**Red Bliss Potato Salad with Blue Cheese, Bacon, and Chives: A Culinary Symphony of Bold Flavors and Delightful Textures**
Indulge your taste buds in a delectable journey with our Red Bliss Potato Salad, an exquisite blend of bold flavors and delightful textures that will tantalize your senses. This extraordinary dish features tender red bliss potatoes, perfectly cooked and tossed in a creamy dressing infused with tangy blue cheese, savory bacon, and aromatic chives. Each bite offers a harmonious balance of richness, smokiness, and freshness, leaving you craving more. Whether you're hosting a backyard barbecue, a family gathering, or a potluck, this potato salad will undoubtedly steal the show and become a beloved favorite among your guests. Discover the culinary magic of this recipe and prepare to be amazed by its symphony of flavors.
RED BLISS POTATO SALAD WITH BLUE CHEESE, BACON, AND CHIVES
Reminiscent of baked potatoes topped with bacon and chives, this side dish envelops vibrant red potatoes in a tangy blue cheese and buttermilk dressing.

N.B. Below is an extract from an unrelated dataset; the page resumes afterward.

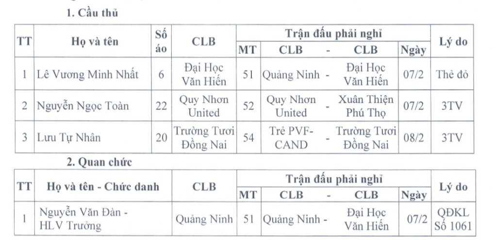 Căn cứ tổng hợp kết quả các trận đấu vừa qua của Giải bóng đá HNQG – Bia Sao Vàng 2025/26 và Quyết định kỷ luật của Liên đoàn Bóng đá Việt Nam; Ban Tổ chức Giải thông báo danh sách cầu thủ nghỉ thi đấu và quan chức nghỉ làm nhiệm vụ tại các trận đấu vòng 9 của Giải, cụ thể như sau:

Provided by Martha Stewart
Categories Food & Cooking Ingredients Meat & Poultry Pork Recipes
Number Of Ingredients 8
Steps:
- Place potatoes and the salt in a medium saucepan. Cover with water, and bring to a simmer. Cook until a knife pierces through potatoes with little resistance, about 12 minutes. Drain, and let cool slightly. Halve potatoes.
- Meanwhile, mix blue cheese, buttermilk, vinegar, and mustard in a bowl until well combined.
- Combine potatoes, dressing, chives, and almost all of the bacon in a large bowl. Garnish with blue cheese, chives, and remaining bacon.
GRILLED RED POTATO SALAD WITH BACON-BLUE CHEESE VINAIGRETTE
Steps:
- Preheat grill. Toss potatoes with 1/4 cup olive oil and season with salt and pepper, to taste. Grill cut side down for 3 minutes. Turn over and continue grilling 2 to 3 minutes. Place in a large bowl.
- Place medium skillet on the side burner or the grill and heat until almost smoking. Add the bacon and cook until golden brown and crisp. Remove to a plate lined with paper towels. Let cool and crumble.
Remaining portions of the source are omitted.